BROOKLYN, N.Y. (CN) - Unless he makes another miraculous escape, the notoriously slippery Mexican drug kingpin Joaquin “El Chapo” Guzman will spend the rest of his life behind bars.
Guzman, 62, is not happy about it.
The drug lord, convicted in February of murder conspiracy and other charges related to his role at the head of the Sinaloa cartel, addressed the packed courtroom for about 15 minutes at his sentencing hearing Wednesday morning. Through a translator, Guzman spent most of that time criticizing his conditions of confinement and the juror misconduct that he claims prejudiced the case.
“When I was extradited to the United States I expected to have a fair trial,” Guzman said, “where justice would be blind” to his reputation, “but it was actually the opposite.”
Guzman’s lawyers had asked for a new trial back in March after Vice News published an anonymous account of the trial from inside the jury box. Though jurors are supposed to avoid media coverage during the trial, the article said these commands were flouted by multiple jurors.
U.S. District Judge Brian Cogan nevertheless denied Guzman’s motion earlier this month and refused to grant an evidentiary hearing, emphasizing that the evidence against Guzman was so overwhelming that even substantiation of the report would not make a difference.
Overwhelming puts it mildly. Over the course of a three-month trial this winter, prosecutors meticulously laid out serious crimes spanning multiple decades. More than a dozen cooperators testified, over 50 witnesses in all.
Defense attorney Jeffrey Lichtman nevertheless painted his client’s trial as unfair this morning in his remarks to the court.
“In the end, how we treat our most reviled in society is a measuring stick of our own society,” Lichtman said. “History will treat this verdict with skepticism.”
Before Cogan imposed a sentence of life in prison plus 30 years, Guzman echoed these criticisms in his statement.
“The U.S. is not any better than any other corrupt country,” Guzman said.

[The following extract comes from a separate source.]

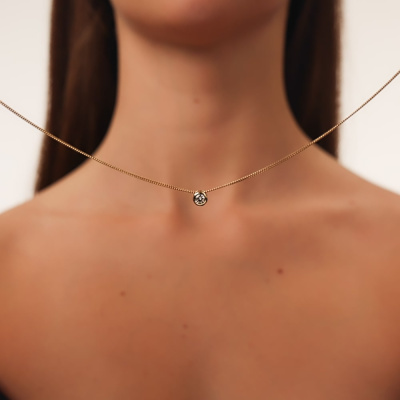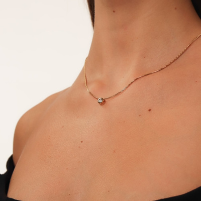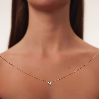 Подвеска с 1 бриллиантом выращенным, 0.32 карат, огранка круг 57 граней, цвет 4, чистота 5, тип огранки А; Желтое золото 585 пробы.

Cogan rested one cheek on his hand, watching passively as Guzman criticized the proceedings as a show trial.
“My case was stained, and you denied me a fair trial where the whole world was watching.”
Since his extradition 2 1/2 years ago from Mexico, Guzman has spent the bulk of this period in solitary confinement at the notorious “10 South” wing of the Metropolitan Correctional Center in lower Manhattan. It’s likely he will spend the rest of his days at ADX Florence, a super-maximum-security prison in the Colorado desert.
Guzman condemned these conditions in his statement to the court today.
"With all due respect, it's been torture," Guzman said. "It's the most inhuman situation I've lived in in my life. It's been [a] lack of respect for human dignity."